__Exercise directions__
Retype nothing except the lines below from the one with "Dessa 3/4 lösa" through the one with "但NADH的性状非常不稳定仍", exactly, with images left out.

__Recorded data__
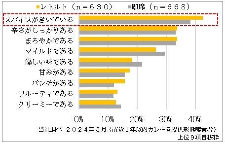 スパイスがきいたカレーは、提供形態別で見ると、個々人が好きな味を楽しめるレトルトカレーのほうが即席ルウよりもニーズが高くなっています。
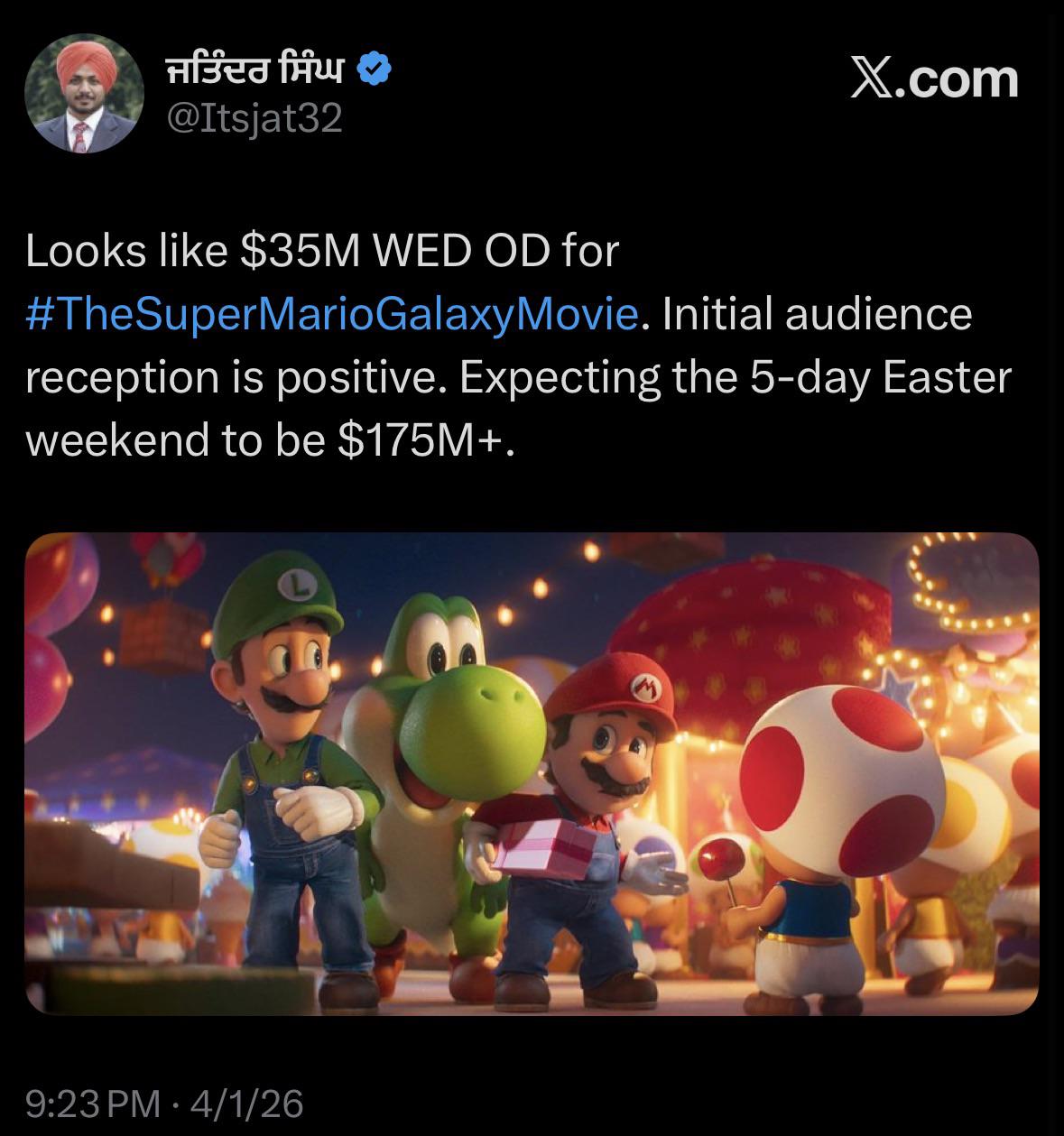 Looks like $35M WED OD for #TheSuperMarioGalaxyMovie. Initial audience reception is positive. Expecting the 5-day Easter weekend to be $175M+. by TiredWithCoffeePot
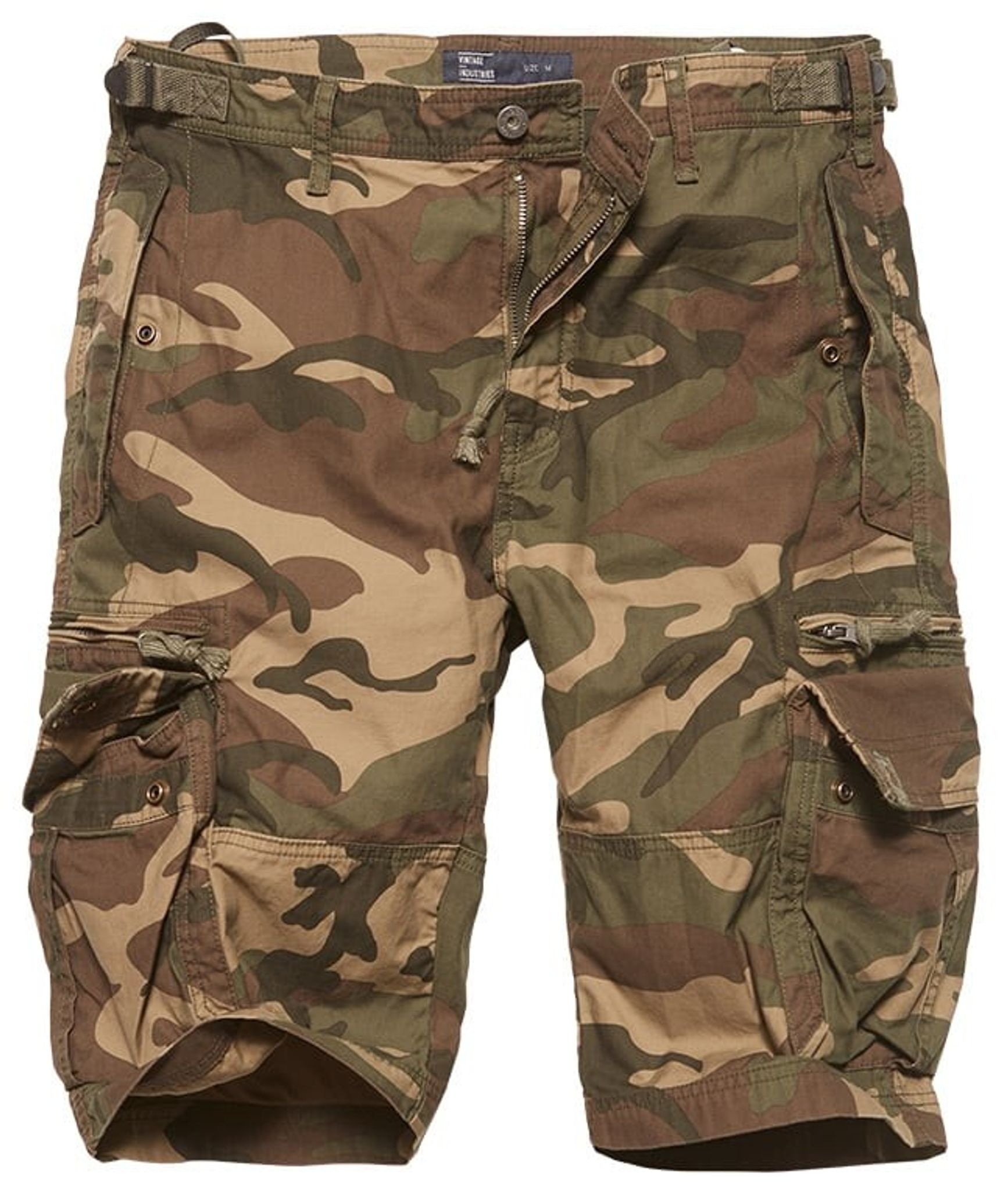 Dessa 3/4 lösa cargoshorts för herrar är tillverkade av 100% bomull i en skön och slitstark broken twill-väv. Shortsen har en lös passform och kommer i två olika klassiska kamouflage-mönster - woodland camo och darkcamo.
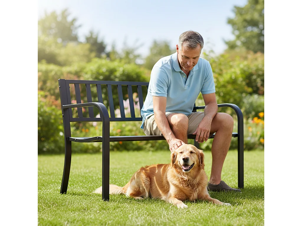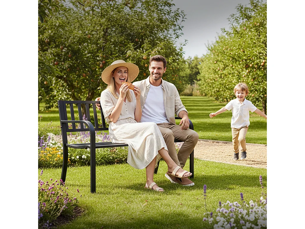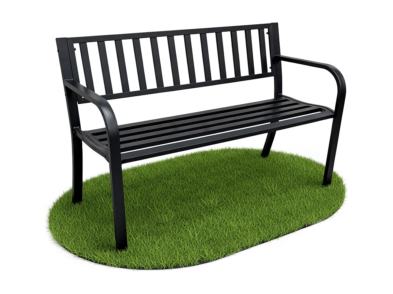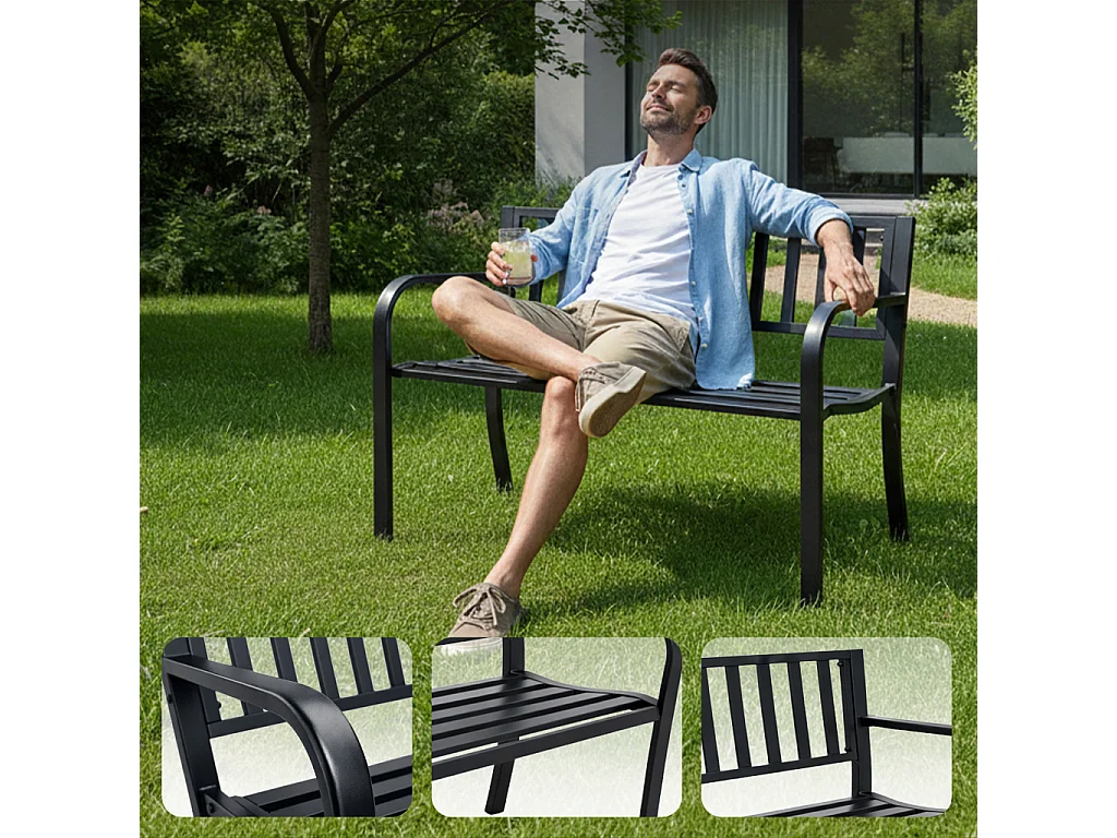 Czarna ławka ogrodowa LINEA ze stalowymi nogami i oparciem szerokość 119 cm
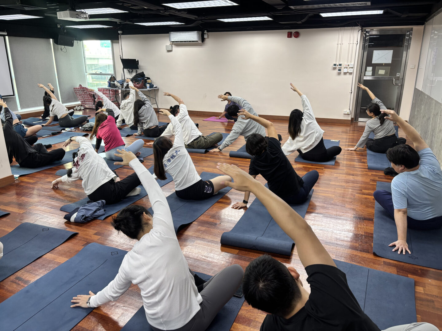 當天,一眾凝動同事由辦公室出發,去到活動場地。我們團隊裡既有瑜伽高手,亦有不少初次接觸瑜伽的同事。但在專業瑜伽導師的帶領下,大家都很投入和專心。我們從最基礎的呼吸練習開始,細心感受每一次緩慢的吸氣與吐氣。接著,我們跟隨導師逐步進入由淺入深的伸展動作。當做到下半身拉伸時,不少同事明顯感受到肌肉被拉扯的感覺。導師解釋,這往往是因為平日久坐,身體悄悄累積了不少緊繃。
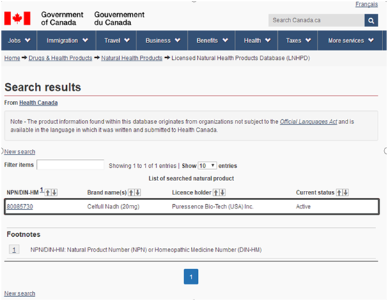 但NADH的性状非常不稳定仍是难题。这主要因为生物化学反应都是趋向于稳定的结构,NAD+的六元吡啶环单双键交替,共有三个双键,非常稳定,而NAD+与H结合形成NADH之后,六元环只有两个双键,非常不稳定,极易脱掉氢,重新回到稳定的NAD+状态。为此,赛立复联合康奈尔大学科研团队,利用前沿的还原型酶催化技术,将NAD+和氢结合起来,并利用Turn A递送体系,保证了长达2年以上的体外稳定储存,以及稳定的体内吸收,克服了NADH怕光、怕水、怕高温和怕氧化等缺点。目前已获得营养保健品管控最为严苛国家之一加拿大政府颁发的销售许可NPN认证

--

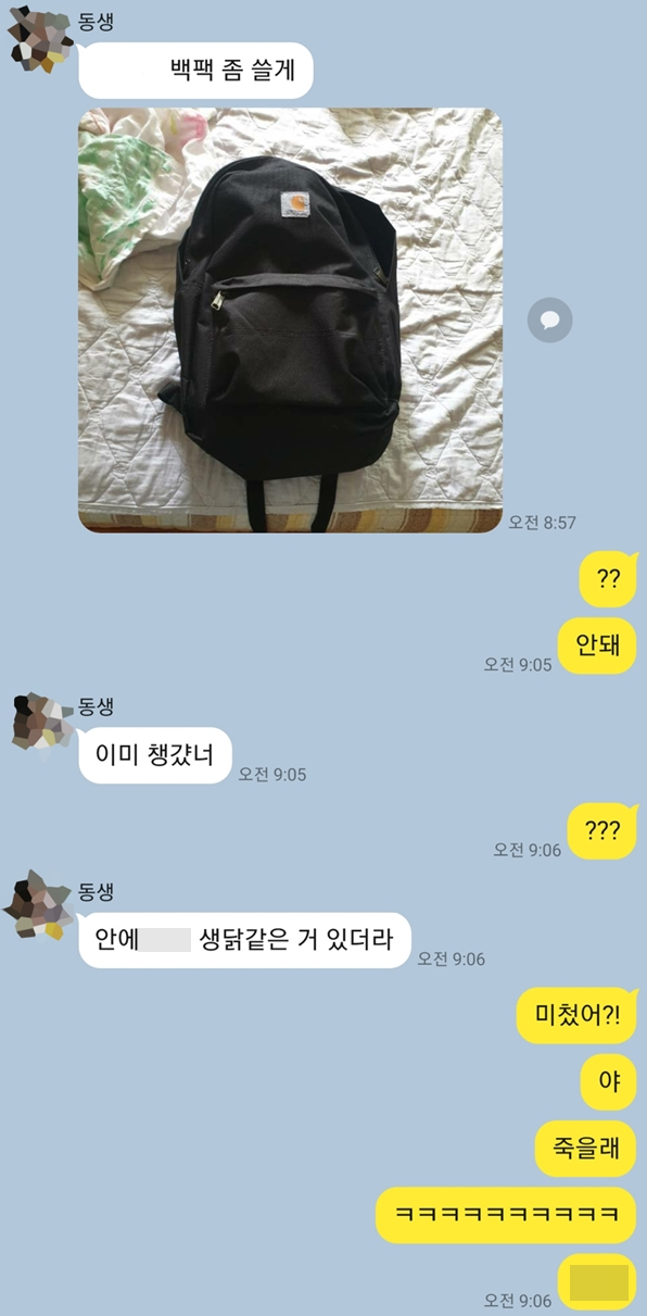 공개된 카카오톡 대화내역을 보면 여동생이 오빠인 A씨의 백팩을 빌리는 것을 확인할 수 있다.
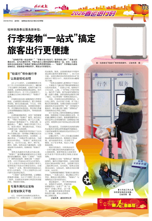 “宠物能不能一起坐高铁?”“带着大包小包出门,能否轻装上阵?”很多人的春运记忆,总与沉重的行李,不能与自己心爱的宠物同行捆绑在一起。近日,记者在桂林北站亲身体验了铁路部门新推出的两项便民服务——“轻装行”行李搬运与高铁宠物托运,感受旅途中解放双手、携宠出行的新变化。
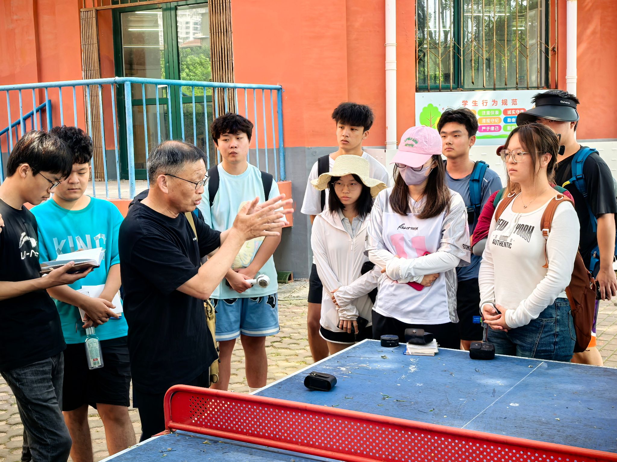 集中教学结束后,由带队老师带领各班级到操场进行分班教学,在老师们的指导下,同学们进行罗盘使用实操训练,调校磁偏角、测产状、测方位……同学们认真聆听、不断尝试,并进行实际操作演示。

--

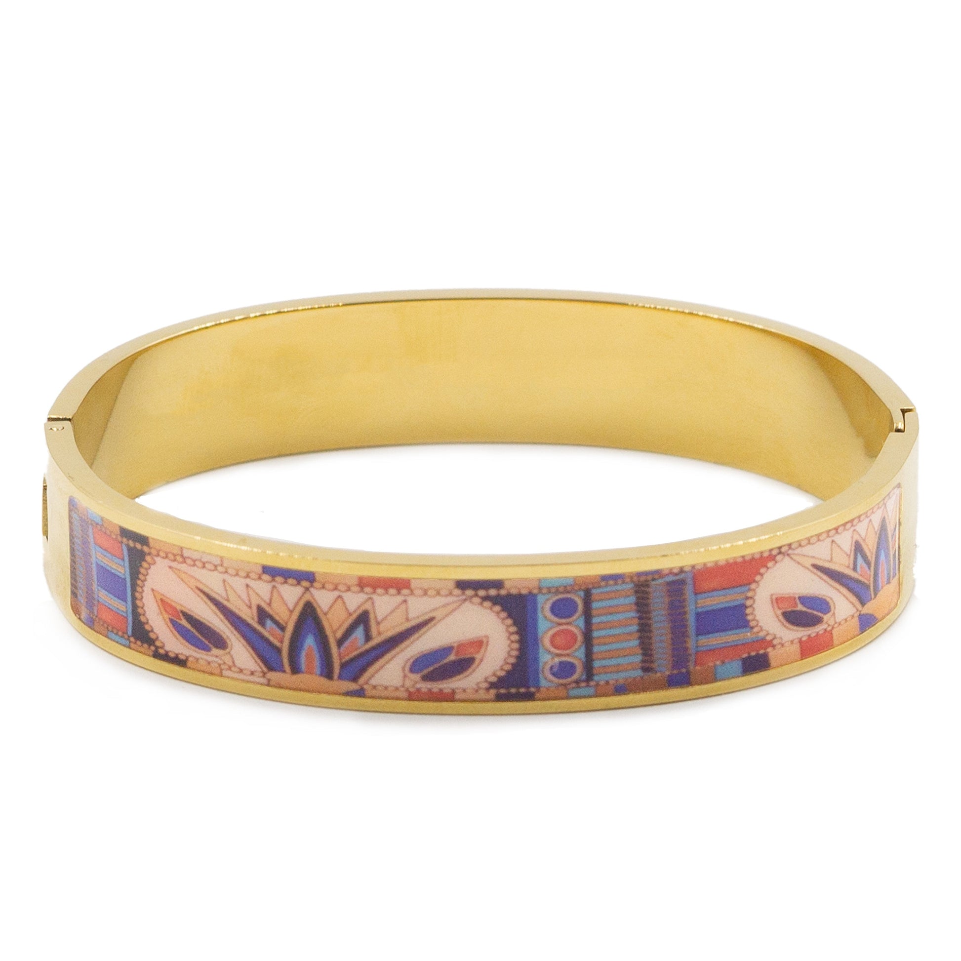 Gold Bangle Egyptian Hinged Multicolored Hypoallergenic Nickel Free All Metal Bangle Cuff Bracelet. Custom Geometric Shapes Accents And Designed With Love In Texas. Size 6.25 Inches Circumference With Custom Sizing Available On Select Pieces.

__Task output__
 Dessa 3/4 lösa cargoshorts för herrar är tillverkade av 100% bomull i en skön och slitstark broken twill-väv. Shortsen har en lös passform och kommer i två olika klassiska kamouflage-mönster - woodland camo och darkcamo.
 Czarna ławka ogrodowa LINEA ze stalowymi nogami i oparciem szerokość 119 cm
 當天,一眾凝動同事由辦公室出發,去到活動場地。我們團隊裡既有瑜伽高手,亦有不少初次接觸瑜伽的同事。但在專業瑜伽導師的帶領下,大家都很投入和專心。我們從最基礎的呼吸練習開始,細心感受每一次緩慢的吸氣與吐氣。接著,我們跟隨導師逐步進入由淺入深的伸展動作。當做到下半身拉伸時,不少同事明顯感受到肌肉被拉扯的感覺。導師解釋,這往往是因為平日久坐,身體悄悄累積了不少緊繃。
 但NADH的性状非常不稳定仍是难题。这主要因为生物化学反应都是趋向于稳定的结构,NAD+的六元吡啶环单双键交替,共有三个双键,非常稳定,而NAD+与H结合形成NADH之后,六元环只有两个双键,非常不稳定,极易脱掉氢,重新回到稳定的NAD+状态。为此,赛立复联合康奈尔大学科研团队,利用前沿的还原型酶催化技术,将NAD+和氢结合起来,并利用Turn A递送体系,保证了长达2年以上的体外稳定储存,以及稳定的体内吸收,克服了NADH怕光、怕水、怕高温和怕氧化等缺点。目前已获得营养保健品管控最为严苛国家之一加拿大政府颁发的销售许可NPN认证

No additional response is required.